Table 2Demographic characteristics and fundus conditions of 4795 participants in Chinese primary healthcare settings
Variable | Total (n=4795) | Shanghai (n=2528) | Xinjiang (n=2267) | P value |
Age (years) | 57 (39.0, 66.0) | 64 (55.0, 70.0) | 44 (32.0, 56.0) | <0.001* |
Gender | <0.001* | |||
Female | 3175 (66.2) | 1874 (74.1) | 1301 (57.4) | |
Male | 1620 (33.8) | 654 (25.9) | 966 (42.6) | |
Normal fundus | 515 (10.7) | 62 (2.5) | 453 (20.0) | <0.001* |
Referable diabetic retinopathy | 386 (8.1) | 211 (8.3) | 175 (7.7) | 0.426 |
Referable hypertensive retinopathy | 8 (0.2) | 3 (0.1) | 5 (0.2) | 0.488 |
Glaucomatous optic neuropathy | 572 (11.9) | 394 (15.6) | 178 (7.9) | <0.001* |
Pathological myopia | 496 (10.3) | 471 (18.6) | 25 (1.1) | <0.001* |
Retinal vein occlusion | 57 (1.2) | 14 (0.6) | 43 (1.9) | <0.001* |
Retinal detachment | 0 (0) | 0 (0) | 0 (0) | / |
Macular holes | 17 (0.4) | 12 (0.5) | 5 (0.2) | 0.139 |
Macular oedema | 237 (4.9) | 79 (3.1) | 158 (7.0) | <0.001* |
Central serous chorioretinopathy | 7 (0.1) | 6 (0.2) | 1 (0.0) | 0.129 |
Epiretinal membranes | 318 (6.6) | 242 (9.6) | 76 (3.4) | <0.001* |
Retinitis pigmentosa | 16 (0.3) | 2 (0.1) | 14 (0.6) | 0.001* |
Retinal drusen | 293 (6.1) | 266 (10.5) | 27 (1.2) | <0.001* |
Macular neovascularisation | 64 (1.3) | 55 (2.2) | 9 (0.4) | <0.001* |
Geographic atrophy | 5 (0.1) | 5 (0.2) | 0 (0) | 0.064 |
Data are presented as median (IQR) or n (%).
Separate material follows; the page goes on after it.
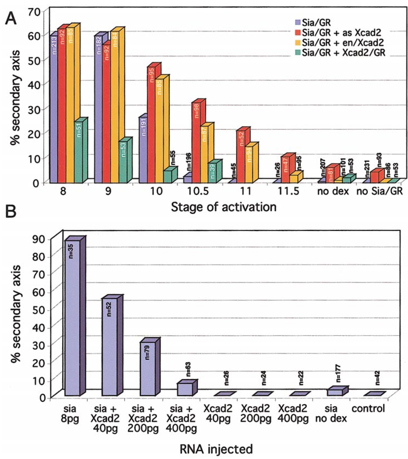 amount of sia/GR RNA (8 pg) alone or with increasing amounts of Xcad2/GR mRNA (40, 200, and 400 pg). The fraction of secondary axes
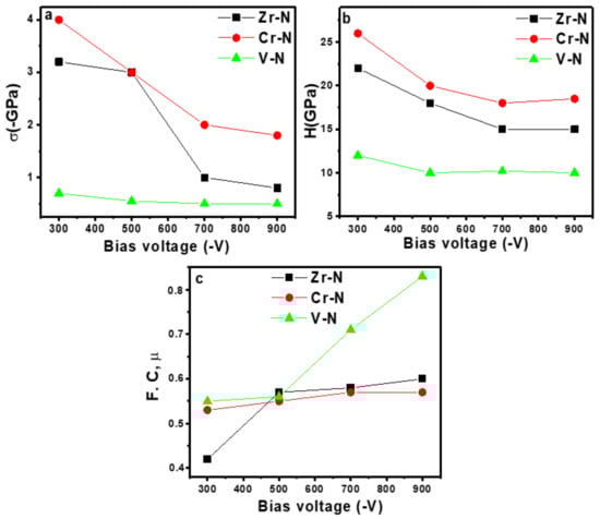 Variation of: (a) residual stress (σ), (b) hardness (H), and (c) friction coefficient (μ) as a function of bias voltage of ternary chromium nitride films Reprinted from Refs. [12,48,49].

*Statistically significant.
Due to the significant differences in age and gender between Shanghai and Xinjiang participants, we further stratified the analysis by age and gender. Among diseases requiring regular follow-up, the proportion of retinal drusen and PM in Shanghai was significantly higher than in Xinjiang for males and females of all ages (figure 2). Among diseases requiring referral, the percentages of referable DR, RVO and ME in middle-aged and elderly people in Xinjiang were significantly higher than those in Shanghai, while the proportion of GON in males in Shanghai was the highest at all ages (figure 3).
Figure 2. Fundus conditions requiring regular follow-up in Shanghai and Xinjiang primary healthcare settings stratified by age and gender.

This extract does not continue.